First, it's important to notice that types implement interfaces implicitly — that is, interfaces are "duck types". Any type that provides the methods required by the interface is assignable to a variable of the interface type, without any cooperation from the original type. This is different from, say, Java or C# where a class that implements an interface has to declare its intention to implement the interface, in addition to actually providing the methods.
Go also has a pretty strong tendency against "action at a distance". For example, even though methods are declared separately from types, it's illegal to declare a method in a different package from its receiver type. You can't just go adding methods to os.File.
If interfaces could provide methods (making them traits/roles) then any type that implemented an interface would gain a bunch of new methods out of nowhere. Someone reading the code and seeing those methods used probably have a hard time figuring out where they came from.
There's a problem with fragility — change the signature of a method that's required by an interface, and a bunch of other methods appear or disappear. In the case where they disappeared, it's not obvious where they "would have" come from.
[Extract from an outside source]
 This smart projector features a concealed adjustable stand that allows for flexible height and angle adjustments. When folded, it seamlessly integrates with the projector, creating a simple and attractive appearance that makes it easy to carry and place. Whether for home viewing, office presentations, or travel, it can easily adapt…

If types had to declare their intention to implement an interface then breaking the contract would prompt an error (and "accidentally" implementing an interface does nothing), but when interfaces are satisfied implicitly things are trickier.
Worse, there could be name conflicts — an interface provides a method with the same name as a method provided by a type that implements that interface, or two interfaces both provide a method with the same name, and some type happens to implement both of those interfaces. Resolving that conflict is the kind of complication that Go really likes to avoid, and in a lot of cases there is no satisfying resolution.
Basically, it would be really cool if interfaces could provide methods — roles as composable units of behavior are cool, and mesh well with Go's composition-over-inheritance philosophy — but actually doing it would be too complicated and too action-at-a-distance-y for Go to contemplate.